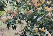 石楠 Kalkman),是蔷薇科石楠属的常绿乔木,高5~12米,株型紧凑,树冠圆球形。树枝为褐灰色;鳞片为褐色,没有毛;叶片革质,长椭圆至侧卵状椭圆形,有锯齿,新叶红色光亮。复伞房花序,白色小花,…全部>>
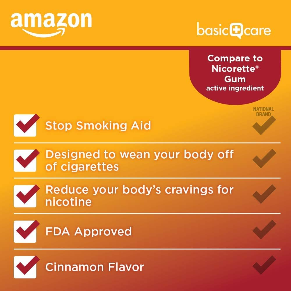 Compare to Nicorette Gum active ingredient. Double your chance to successfully quit smoking* with Amazon Basic Care Nicotine Polacrilex Coated Gum, 4 mg (nicotine). Amazon Basic Care Nicotine Polacrilex Coated Gum, 4 mg (nicotine), Cinnamon Flavor, is a stop smoking aid for those who smoke their first cigarette within 30 minutes of waking up. This product is part of a Nicotine Replacement Therapy (NRT), designed to wean your body off cigarettes. It helps regulate, control and gradually reduce your body's nicotine cravings. *When used as directed with a support program. Many people require several quit attempts to stop smoking.
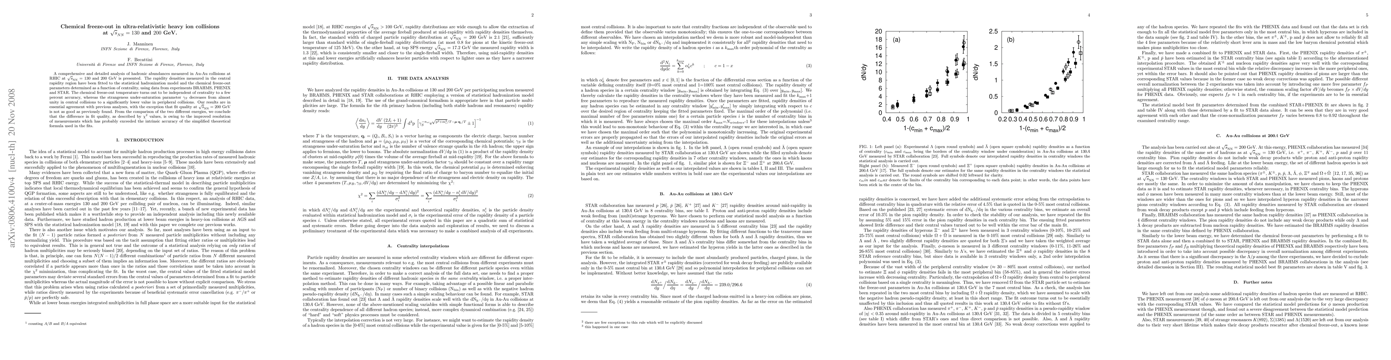A comprehensive and detailed analysis of hadronic abundances measured in Au-Au collisions at RHIC at sqrt(s)_NN = 130 and 200 GeV is presented. The rapidity densities measured in the central rapidity region have been fitted to the statistical hadronization model and the chemical freeze-out parameters determined as a function of centrality, using data from experiments BRAHMS, PHENIX and STAR. The chemical freeze-out temperature turns out to be independent of centrality to a few percent accuracy, whereas the strangeness under-saturation parameter gamma_S decreases from almost unity in central collisions to a significantly lower value in peripheral collisions. Our results are in essential agreement with previous analyses, with the exception that fit quality at sqrt(s)_NN = 200 GeV is not as good as previously found. From the comparison of the two different energies, we conclude that the difference in fit quality, as described by chi2 values, is owing to the improved resolution of measurements which has probably exceeded the intrinsic accuracy of the simplified theoretical formula used in the fits.

What is required:
Everything in the data above, apart from the pictures, should be retyped exactly.

Written response:
 石楠 Kalkman),是蔷薇科石楠属的常绿乔木,高5~12米,株型紧凑,树冠圆球形。树枝为褐灰色;鳞片为褐色,没有毛;叶片革质,长椭圆至侧卵状椭圆形,有锯齿,新叶红色光亮。复伞房花序,白色小花,…全部>>
 Compare to Nicorette Gum active ingredient. Double your chance to successfully quit smoking* with Amazon Basic Care Nicotine Polacrilex Coated Gum, 4 mg (nicotine). Amazon Basic Care Nicotine Polacrilex Coated Gum, 4 mg (nicotine), Cinnamon Flavor, is a stop smoking aid for those who smoke their first cigarette within 30 minutes of waking up. This product is part of a Nicotine Replacement Therapy (NRT), designed to wean your body off cigarettes. It helps regulate, control and gradually reduce your body's nicotine cravings. *When used as directed with a support program. Many people require several quit attempts to stop smoking.
A comprehensive and detailed analysis of hadronic abundances measured in Au-Au collisions at RHIC at sqrt(s)_NN = 130 and 200 GeV is presented. The rapidity densities measured in the central rapidity region have been fitted to the statistical hadronization model and the chemical freeze-out parameters determined as a function of centrality, using data from experiments BRAHMS, PHENIX and STAR. The chemical freeze-out temperature turns out to be independent of centrality to a few percent accuracy, whereas the strangeness under-saturation parameter gamma_S decreases from almost unity in central collisions to a significantly lower value in peripheral collisions. Our results are in essential agreement with previous analyses, with the exception that fit quality at sqrt(s)_NN = 200 GeV is not as good as previously found. From the comparison of the two different energies, we conclude that the difference in fit quality, as described by chi2 values, is owing to the improved resolution of measurements which has probably exceeded the intrinsic accuracy of the simplified theoretical formula used in the fits.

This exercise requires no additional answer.